Religions for Peace | Jesslyn Metta
Jesslyn Metta aus IndonesienBild: Christoph Strack/DW

Eine der jüngsten Teilnehmenden in Lindau ist Jesslyn Metta aus Indonesien. Die 24-jährige Buddhistin wurde über ein Dialog-Netzwerk ihrer Glaubensgemeinschaft auf RfP aufmerksam. Wie sie es nun findet, mit so vielen Älteren und einigen Jungen? "Jeder hat eine Geschichte zu erzählen, und wir können von jedem lernen. Egal ob Ältere oder Jüngere - jeder kann einem etwas geben."

"Mehr als Dialog leisten"

Dialog sei wichtig, sagt Metta. "Aber wir müssen mehr als Dialog leisten. Es braucht konkrete Arbeit." Und sie erzählt von Feriencamps für Jugendliche unterschiedlicher Religionszugehörigkeit und von sozialen Projekten.

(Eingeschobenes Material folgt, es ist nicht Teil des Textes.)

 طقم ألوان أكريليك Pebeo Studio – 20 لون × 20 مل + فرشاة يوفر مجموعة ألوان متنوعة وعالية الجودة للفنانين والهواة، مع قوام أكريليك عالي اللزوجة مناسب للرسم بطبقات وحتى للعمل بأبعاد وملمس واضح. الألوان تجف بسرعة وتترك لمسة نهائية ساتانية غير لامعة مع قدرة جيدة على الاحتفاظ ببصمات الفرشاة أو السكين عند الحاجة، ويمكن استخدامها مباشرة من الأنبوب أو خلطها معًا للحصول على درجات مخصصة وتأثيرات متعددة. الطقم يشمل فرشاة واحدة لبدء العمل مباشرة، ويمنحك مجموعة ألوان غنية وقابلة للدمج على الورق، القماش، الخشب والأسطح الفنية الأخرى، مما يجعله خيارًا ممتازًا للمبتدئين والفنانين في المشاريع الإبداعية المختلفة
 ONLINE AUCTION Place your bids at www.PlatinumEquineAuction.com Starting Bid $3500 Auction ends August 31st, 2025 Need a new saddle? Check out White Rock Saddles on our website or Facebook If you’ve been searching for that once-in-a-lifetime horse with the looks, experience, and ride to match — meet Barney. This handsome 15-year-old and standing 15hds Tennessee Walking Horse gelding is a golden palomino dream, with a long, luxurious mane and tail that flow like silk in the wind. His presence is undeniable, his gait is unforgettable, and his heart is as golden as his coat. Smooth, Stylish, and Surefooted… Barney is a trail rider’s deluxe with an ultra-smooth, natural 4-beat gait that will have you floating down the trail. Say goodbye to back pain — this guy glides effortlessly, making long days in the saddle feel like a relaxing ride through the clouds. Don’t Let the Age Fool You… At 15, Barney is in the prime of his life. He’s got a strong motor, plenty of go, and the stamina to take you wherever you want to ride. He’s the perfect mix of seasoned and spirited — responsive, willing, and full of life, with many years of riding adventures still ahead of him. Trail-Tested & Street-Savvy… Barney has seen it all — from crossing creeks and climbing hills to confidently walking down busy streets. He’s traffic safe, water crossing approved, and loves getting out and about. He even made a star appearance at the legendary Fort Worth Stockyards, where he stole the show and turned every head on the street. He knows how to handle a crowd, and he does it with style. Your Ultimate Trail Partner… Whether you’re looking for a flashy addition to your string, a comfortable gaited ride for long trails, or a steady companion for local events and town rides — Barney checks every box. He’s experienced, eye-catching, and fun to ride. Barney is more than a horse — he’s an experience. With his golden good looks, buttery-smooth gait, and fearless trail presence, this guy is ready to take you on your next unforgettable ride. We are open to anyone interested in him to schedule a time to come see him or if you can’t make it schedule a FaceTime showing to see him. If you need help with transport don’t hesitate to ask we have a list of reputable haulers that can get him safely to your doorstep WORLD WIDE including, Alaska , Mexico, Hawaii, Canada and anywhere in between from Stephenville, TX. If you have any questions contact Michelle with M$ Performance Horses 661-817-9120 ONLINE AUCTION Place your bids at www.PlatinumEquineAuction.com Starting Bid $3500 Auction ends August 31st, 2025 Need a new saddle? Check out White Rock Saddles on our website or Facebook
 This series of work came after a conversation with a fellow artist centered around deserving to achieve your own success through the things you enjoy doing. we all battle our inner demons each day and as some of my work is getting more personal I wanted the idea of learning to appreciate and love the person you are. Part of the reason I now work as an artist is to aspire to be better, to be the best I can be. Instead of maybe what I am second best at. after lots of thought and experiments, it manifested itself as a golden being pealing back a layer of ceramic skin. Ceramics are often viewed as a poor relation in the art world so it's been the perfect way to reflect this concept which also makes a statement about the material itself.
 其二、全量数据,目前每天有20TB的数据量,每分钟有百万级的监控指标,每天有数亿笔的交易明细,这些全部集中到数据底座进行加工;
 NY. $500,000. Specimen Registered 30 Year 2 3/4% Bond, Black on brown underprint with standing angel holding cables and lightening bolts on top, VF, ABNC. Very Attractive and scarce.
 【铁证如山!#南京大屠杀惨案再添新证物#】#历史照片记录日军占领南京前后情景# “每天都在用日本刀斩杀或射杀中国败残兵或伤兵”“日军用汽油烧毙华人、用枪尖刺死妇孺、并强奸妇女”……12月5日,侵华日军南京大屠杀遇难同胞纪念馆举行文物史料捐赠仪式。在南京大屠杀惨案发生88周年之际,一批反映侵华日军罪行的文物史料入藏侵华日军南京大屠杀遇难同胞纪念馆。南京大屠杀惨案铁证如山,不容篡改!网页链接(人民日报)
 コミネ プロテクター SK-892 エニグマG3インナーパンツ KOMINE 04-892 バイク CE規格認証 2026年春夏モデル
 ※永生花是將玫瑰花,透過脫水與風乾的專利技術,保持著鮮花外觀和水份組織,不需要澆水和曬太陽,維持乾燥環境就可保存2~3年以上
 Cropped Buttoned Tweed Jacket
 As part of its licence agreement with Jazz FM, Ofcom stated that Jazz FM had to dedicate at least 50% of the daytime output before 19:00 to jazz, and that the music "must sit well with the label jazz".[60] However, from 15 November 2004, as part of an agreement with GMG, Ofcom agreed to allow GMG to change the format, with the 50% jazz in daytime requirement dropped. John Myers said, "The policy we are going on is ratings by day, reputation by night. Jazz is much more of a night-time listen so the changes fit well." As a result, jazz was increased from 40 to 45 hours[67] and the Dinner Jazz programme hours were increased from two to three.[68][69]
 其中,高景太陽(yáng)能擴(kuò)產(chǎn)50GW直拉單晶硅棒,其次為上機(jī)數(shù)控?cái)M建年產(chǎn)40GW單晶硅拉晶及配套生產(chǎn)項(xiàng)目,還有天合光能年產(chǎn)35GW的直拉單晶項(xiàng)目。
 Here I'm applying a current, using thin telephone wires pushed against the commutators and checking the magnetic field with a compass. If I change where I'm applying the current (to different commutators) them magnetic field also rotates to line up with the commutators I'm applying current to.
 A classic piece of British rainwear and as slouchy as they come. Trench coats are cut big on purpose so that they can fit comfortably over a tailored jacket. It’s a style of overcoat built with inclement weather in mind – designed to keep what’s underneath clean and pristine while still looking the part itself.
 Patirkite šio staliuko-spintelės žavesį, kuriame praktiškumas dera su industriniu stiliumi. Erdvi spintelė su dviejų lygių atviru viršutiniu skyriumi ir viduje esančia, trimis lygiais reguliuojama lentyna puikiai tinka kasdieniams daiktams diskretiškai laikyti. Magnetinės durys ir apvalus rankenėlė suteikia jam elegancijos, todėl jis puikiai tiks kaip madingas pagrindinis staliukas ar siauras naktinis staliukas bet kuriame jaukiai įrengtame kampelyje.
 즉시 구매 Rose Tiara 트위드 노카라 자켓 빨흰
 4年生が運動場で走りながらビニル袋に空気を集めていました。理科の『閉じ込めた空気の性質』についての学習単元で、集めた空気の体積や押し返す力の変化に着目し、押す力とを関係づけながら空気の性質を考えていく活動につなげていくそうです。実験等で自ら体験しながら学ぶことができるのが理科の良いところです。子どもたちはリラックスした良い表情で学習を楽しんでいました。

Gleich ob bei Metta oder Aganyo - für Teilnehmende aus Asien oder Afrika ist religiöses Bekenntnis und der Austausch darüber selbstverständlich. In Deutschland sieht das ganz anders aus. Vor der Konferenz gab "Religions for Peace" eine repräsentative Umfrage im Gastgeberland in Auftrag. Demnach sagen noch 33 Prozent der Deutschen, dass ihnen Religion "wichtig" oder "sehr wichtig" sei. 61 Prozent fänden Religion nicht oder sogar überhaupt nicht wichtig.

Sonderfall Europa

Auch in Lindau kamen diese Zahlen zur Sprache - und am Schluss ging es auch wieder um die jüngere Generation. Azza Karam, Generalsekretärin von "Religions for Peace", erklärte, dass im weltweiten Blick Europa mit der Abkehr von Religion, mit Säkularisierung und Atheismus geradezu ein Sonderfall sei. Weltweit gesehen sei "religiöse Prägung ein Teil der Menschen und der Gesellschaften".

RfP Heart Talk on Peacebuilding l Gespräch zur Friedensförderung u.a. mit Oberrabiner David Rosen
Rabbiner David Rosen (im Hintergrund Moderator Thomas Sparrow)Bild: Christian Flemming

Rabbiner David Rosen nahm das Thema später auf und wandte sich gegen diese These. Wenn man auf das starke Engagement der jüngeren Generation für mehr Klimaschutz, für die Bewahrung der Schöpfung, für fair gehandelte und unbelastete Lebensmittel schaue, dann sehe er darin eine Form von "Spiritualität", die die etablierten Religionsgemeinschaften vielleicht nicht aufgegriffen hätten.

Da schließt sich ein Kreis. Eine der jüngsten Referentinnen, die virtuell nach Lindau zugeschaltet wird, ist die ugandische "Fridays for Future"-Aktivistin Vanessa Nakate. Die 22-jährige Katholikin ist so etwas wie die Greta Thunberg ihres Landes.